Directions
Reproduce the records below in full and without edits, omitting images.

Exercise materials

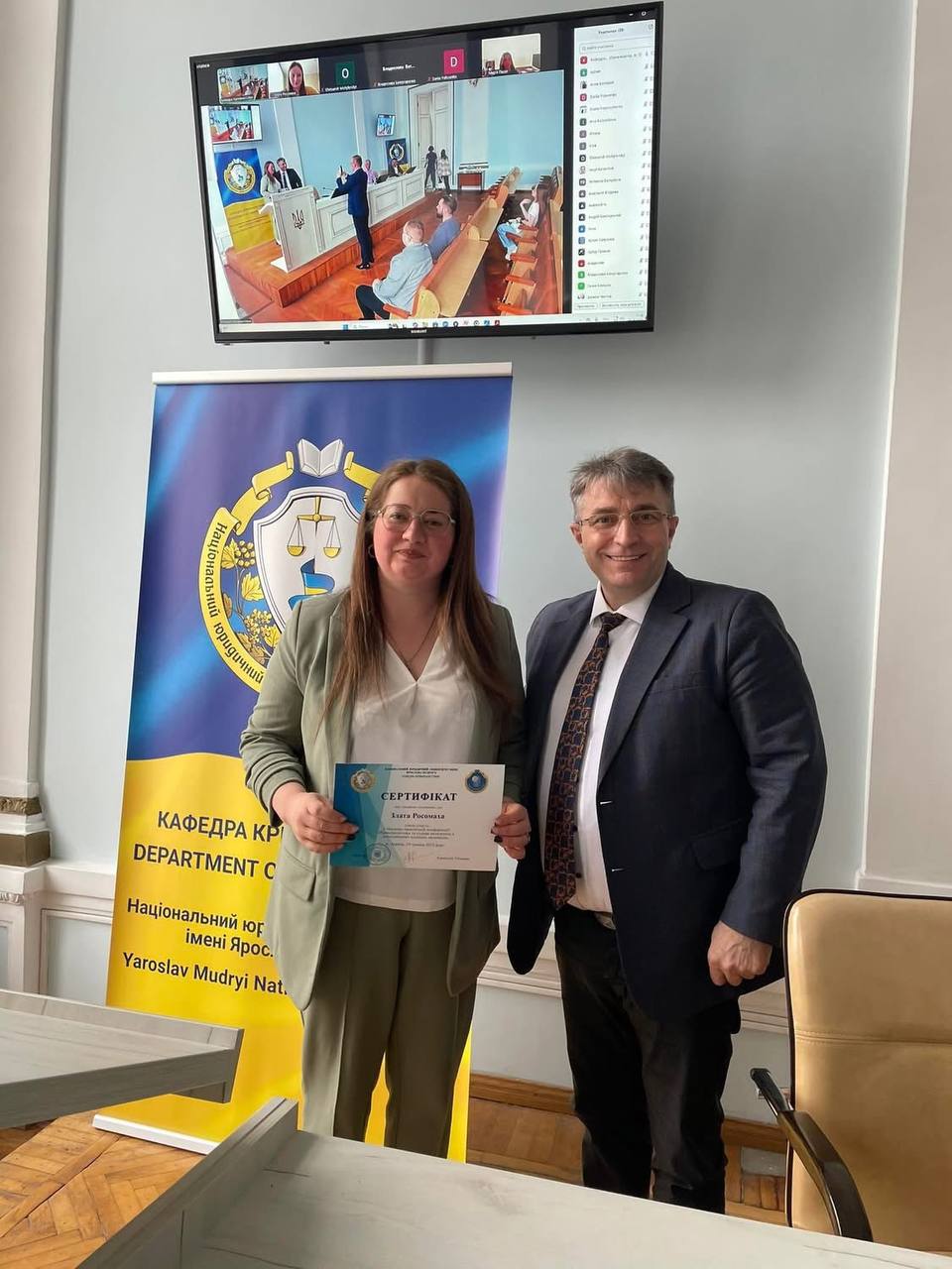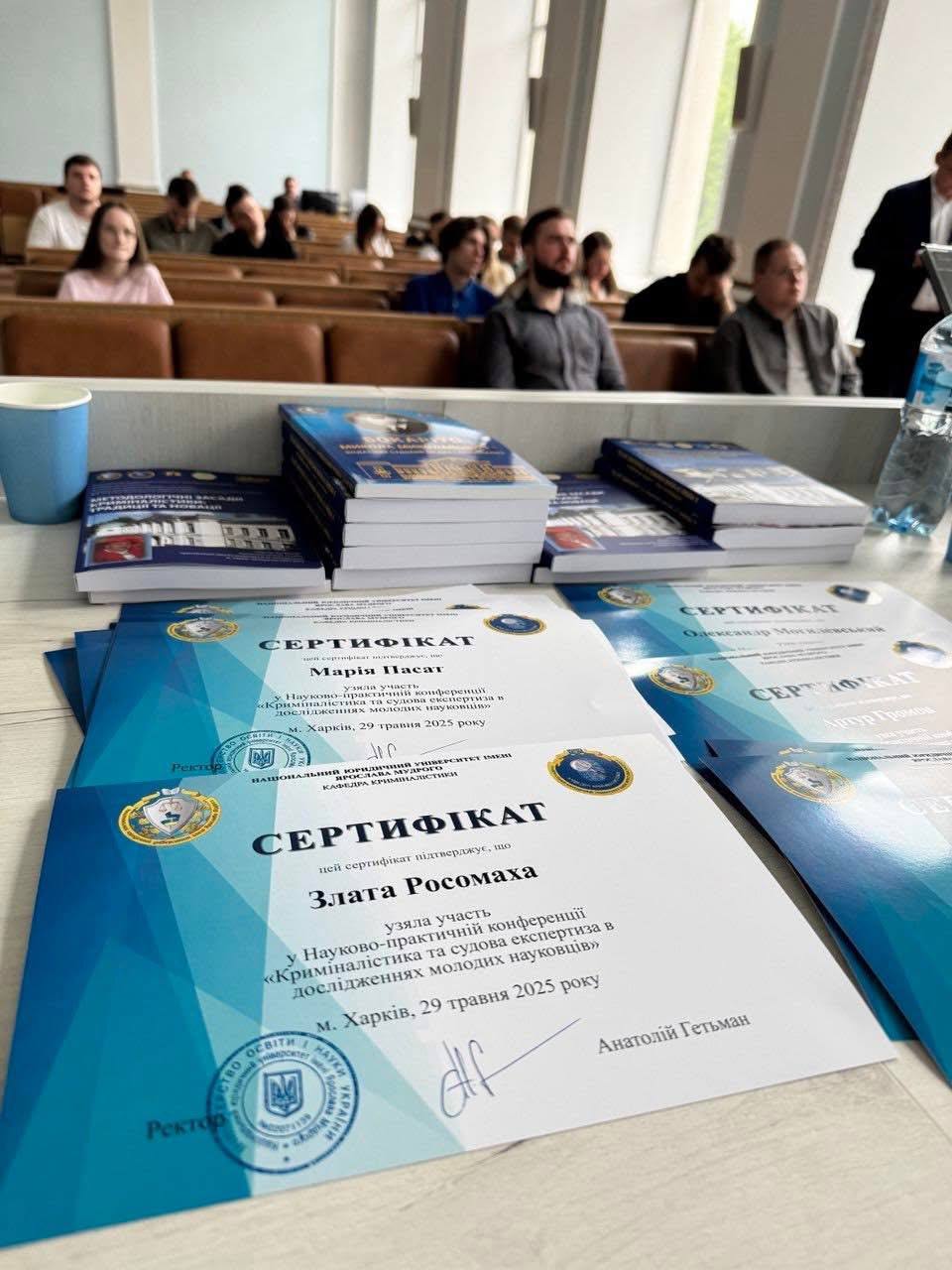 Завідувач кафедри криміналістики Віктор Шевчук вручив кожному учаснику Сертифікати науково-практичної конференції. У своїй промові він висловив щиру вдячність Силам оборони України, завдяки яким маємо змогу навчати та навчатися навіть у складних умовах. Також подякував усім учасникам за активну участь, зацікавленість у науці та небайдужість до розвитку криміналістичної науки. Віктор Шевчук наголосив на важливості підтримки ініціатив молодих науковців і побажав подальших звершень у дослідницькій та професійній діяльності.
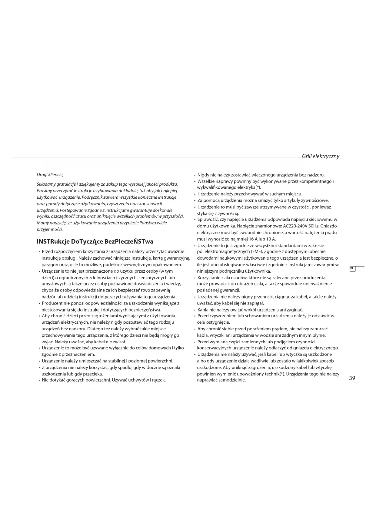 - W żadnym wypadku grilla nie należy rozpalać przy użyciu węgla drzewnego ani żadnego innego opału stałego lub płynnego. (*) Kompetentny i wykwalikowany elektryk: dział posprzedażny producenta, importer lub inna osoba, która jest wykwalikowana, zatwierdzona i kompetentna do wykonywania tego rodzaju napraw; korzystanie z usług tych osób ma na celu uniknięcie wszelkich zagrożeń. W każdym wymagającym tego przypadku urządzenie należy przekazać jednemu z wymienionych powyżej elektryków.
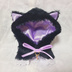 主に15cmぬいなどのお顔周り30cm前後のぬいぐるみ向けきぐるみケープです。 表地は黒色のファー生地を使用しております。 フロントはスナップボタン式で簡単に着脱ができる仕様になっています。 リボンの下にはそれぞれチャームがついています。 色柄は、ラベンダー と モノトーン の2種類からお選びいただけます。 ラベンダーの方は、裏地に薄紫色のサテン生地を使用し、薄紫色のリボンの下にはキャンディのチャームがついています。 モノトーンの方は、裏地に白黒の千鳥格子柄の生地を使用し、白色のリボンの下にはコウモリのチャームがついています。 ⚠️ ・素人のハンドメイド作品となります。 左右非対称であったり、手縫いの箇所や接着剤を使用している箇所がございます。気になる方はご遠慮ください。 ・既製品のような強度はありません。 破損してしまう可能性があるため、強く引っ張るなどの無理な扱いやお洗濯などはお控えください。 ・手持ちの15cmぬいを基準に採寸をし制作しておりますが、ぬいぐるみの種類や個体差によっては大きすぎたり窮屈な場合がございます。ご了承ください。 透明フィルムに入れ梱包いたします。 自家通販のため、発送までお時間をいただく場合があります。
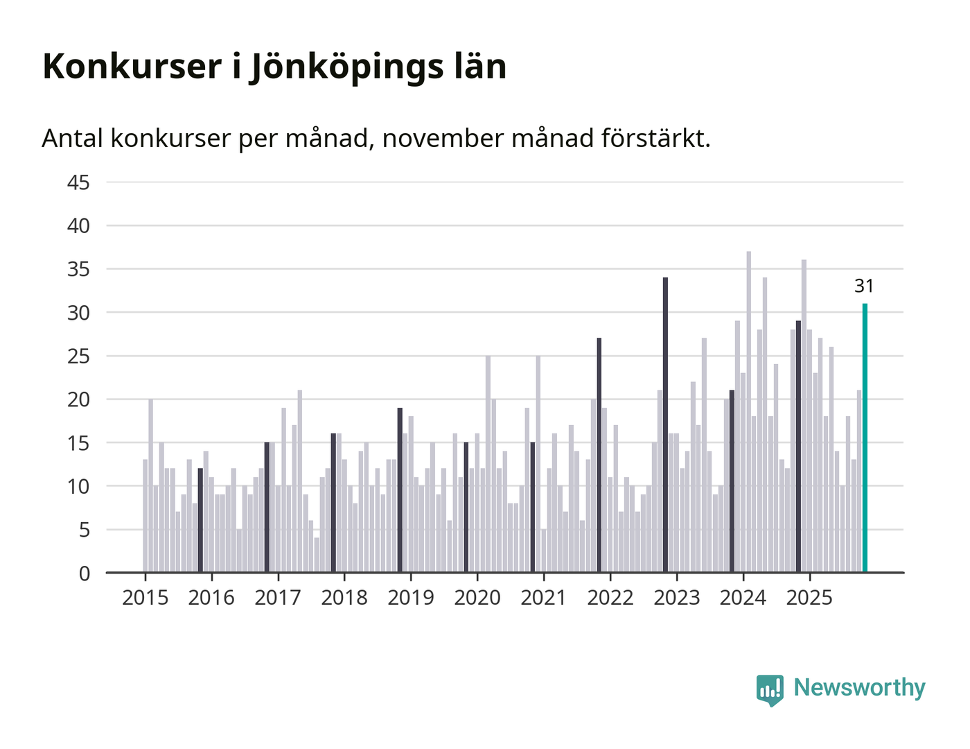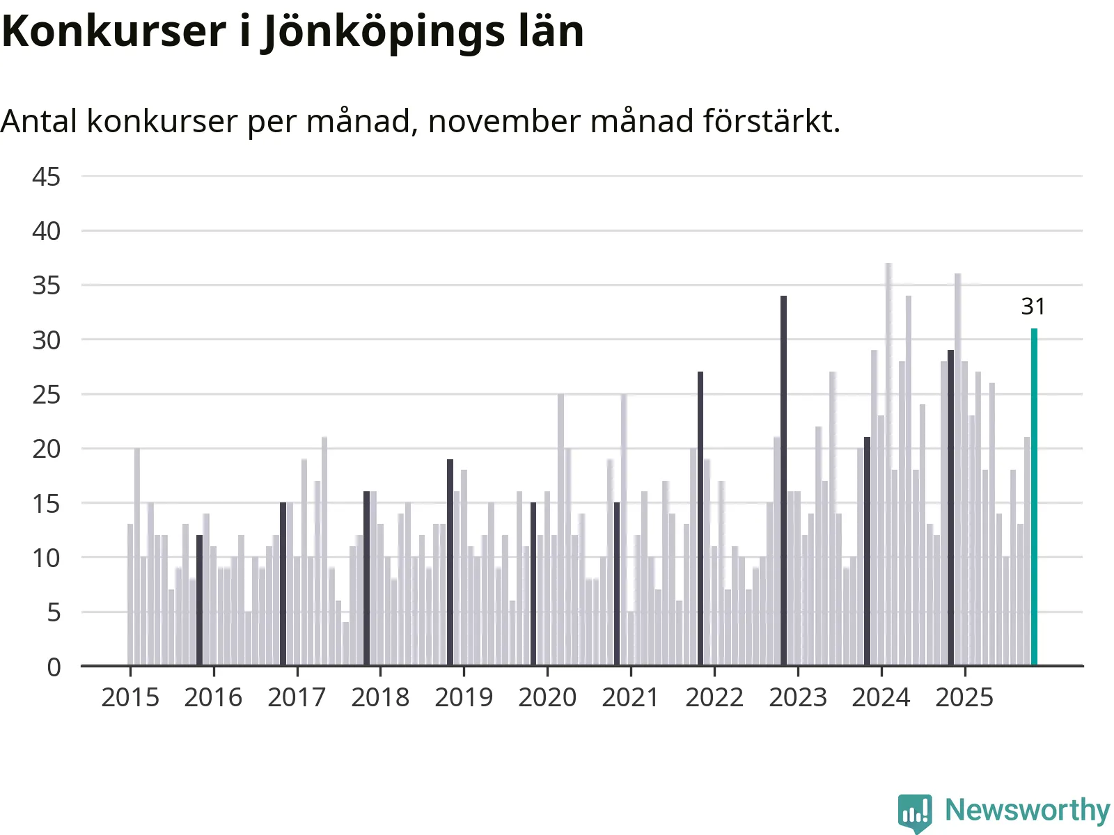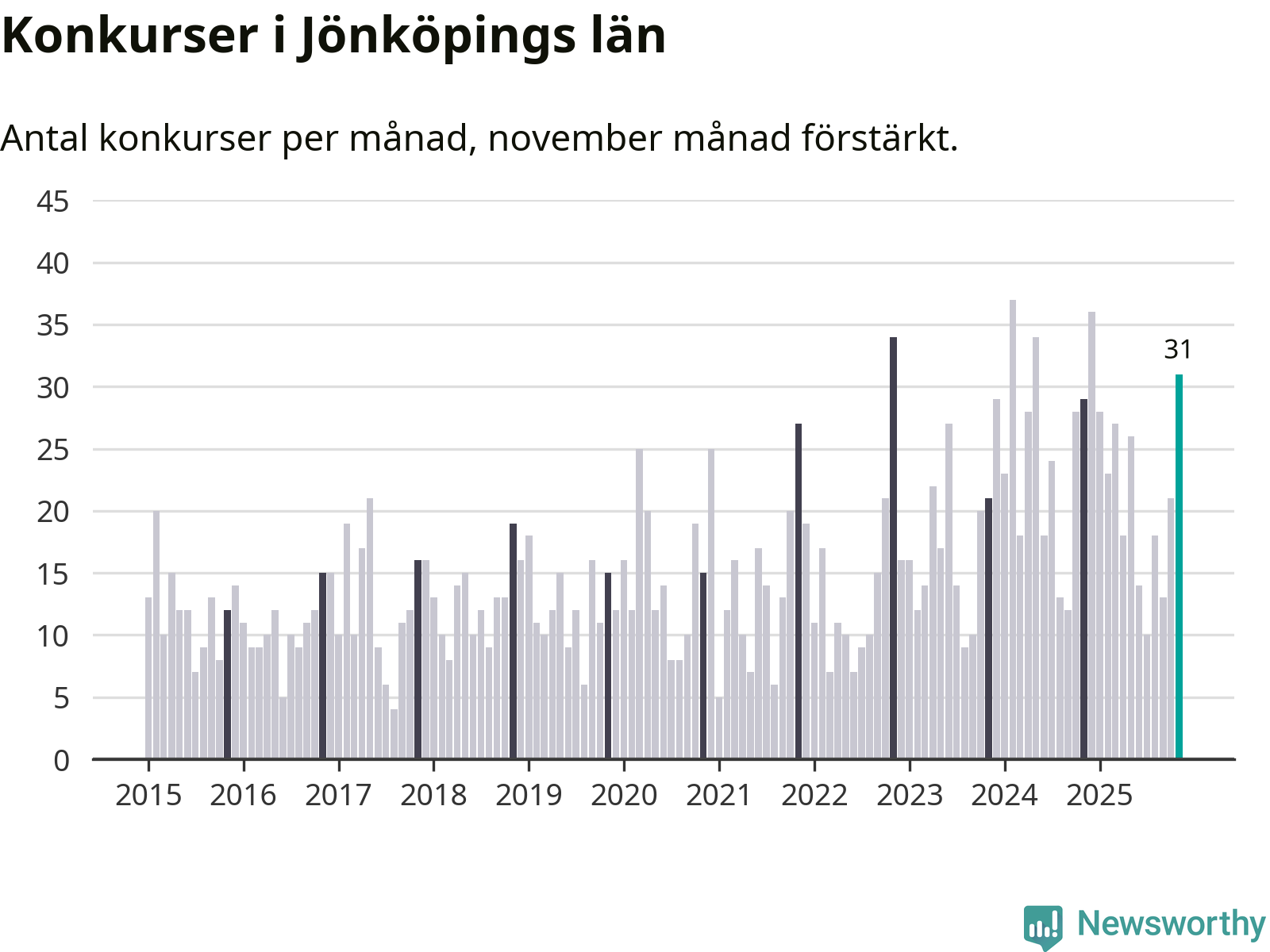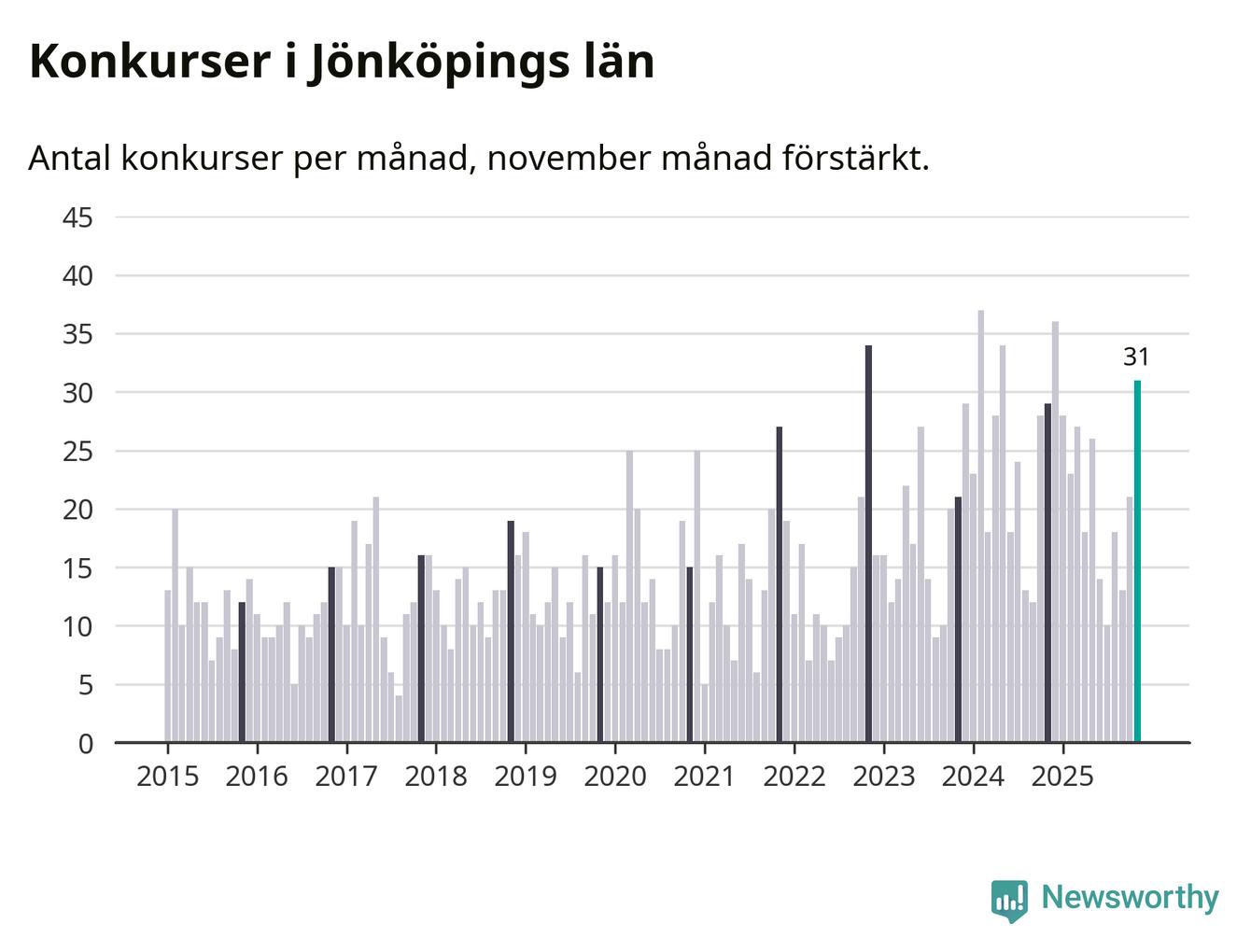 Under november månad gick 31 bolag i konkurs i Jönköpings län. Det är fler än normalt för den här tiden på året sett till de senaste tio åren. I fjol noterades 29 konkurser under november.
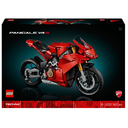 Laat je hart sneller kloppen met deze LEGO® Technic Ducati Panigale V4 S motor (42202) bouwset voor volwassenen. Met indrukwekkende details en authentieke kenmerken is dit een eerbetoon aan de echte Ducati Panigale V4 S – de best presterende motorfiets en de snelste racemotor van Ducati.
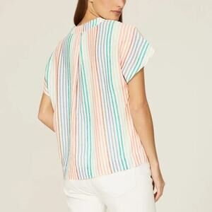 Marine Layer Bali Tunic Top Linen Blend Cap Sleeve V-Neck Rainbow Stripe NWT S

Answer for this exercise
 Завідувач кафедри криміналістики Віктор Шевчук вручив кожному учаснику Сертифікати науково-практичної конференції. У своїй промові він висловив щиру вдячність Силам оборони України, завдяки яким маємо змогу навчати та навчатися навіть у складних умовах. Також подякував усім учасникам за активну участь, зацікавленість у науці та небайдужість до розвитку криміналістичної науки. Віктор Шевчук наголосив на важливості підтримки ініціатив молодих науковців і побажав подальших звершень у дослідницькій та професійній діяльності.
 - W żadnym wypadku grilla nie należy rozpalać przy użyciu węgla drzewnego ani żadnego innego opału stałego lub płynnego. (*) Kompetentny i wykwalikowany elektryk: dział posprzedażny producenta, importer lub inna osoba, która jest wykwalikowana, zatwierdzona i kompetentna do wykonywania tego rodzaju napraw; korzystanie z usług tych osób ma na celu uniknięcie wszelkich zagrożeń. W każdym wymagającym tego przypadku urządzenie należy przekazać jednemu z wymienionych powyżej elektryków.
 主に15cmぬいなどのお顔周り30cm前後のぬいぐるみ向けきぐるみケープです。 表地は黒色のファー生地を使用しております。 フロントはスナップボタン式で簡単に着脱ができる仕様になっています。 リボンの下にはそれぞれチャームがついています。 色柄は、ラベンダー と モノトーン の2種類からお選びいただけます。 ラベンダーの方は、裏地に薄紫色のサテン生地を使用し、薄紫色のリボンの下にはキャンディのチャームがついています。 モノトーンの方は、裏地に白黒の千鳥格子柄の生地を使用し、白色のリボンの下にはコウモリのチャームがついています。 ⚠️ ・素人のハンドメイド作品となります。 左右非対称であったり、手縫いの箇所や接着剤を使用している箇所がございます。気になる方はご遠慮ください。 ・既製品のような強度はありません。 破損してしまう可能性があるため、強く引っ張るなどの無理な扱いやお洗濯などはお控えください。 ・手持ちの15cmぬいを基準に採寸をし制作しておりますが、ぬいぐるみの種類や個体差によっては大きすぎたり窮屈な場合がございます。ご了承ください。 透明フィルムに入れ梱包いたします。 自家通販のため、発送までお時間をいただく場合があります。
 Under november månad gick 31 bolag i konkurs i Jönköpings län. Det är fler än normalt för den här tiden på året sett till de senaste tio åren. I fjol noterades 29 konkurser under november.
 Laat je hart sneller kloppen met deze LEGO® Technic Ducati Panigale V4 S motor (42202) bouwset voor volwassenen. Met indrukwekkende details en authentieke kenmerken is dit een eerbetoon aan de echte Ducati Panigale V4 S – de best presterende motorfiets en de snelste racemotor van Ducati.
 Marine Layer Bali Tunic Top Linen Blend Cap Sleeve V-Neck Rainbow Stripe NWT S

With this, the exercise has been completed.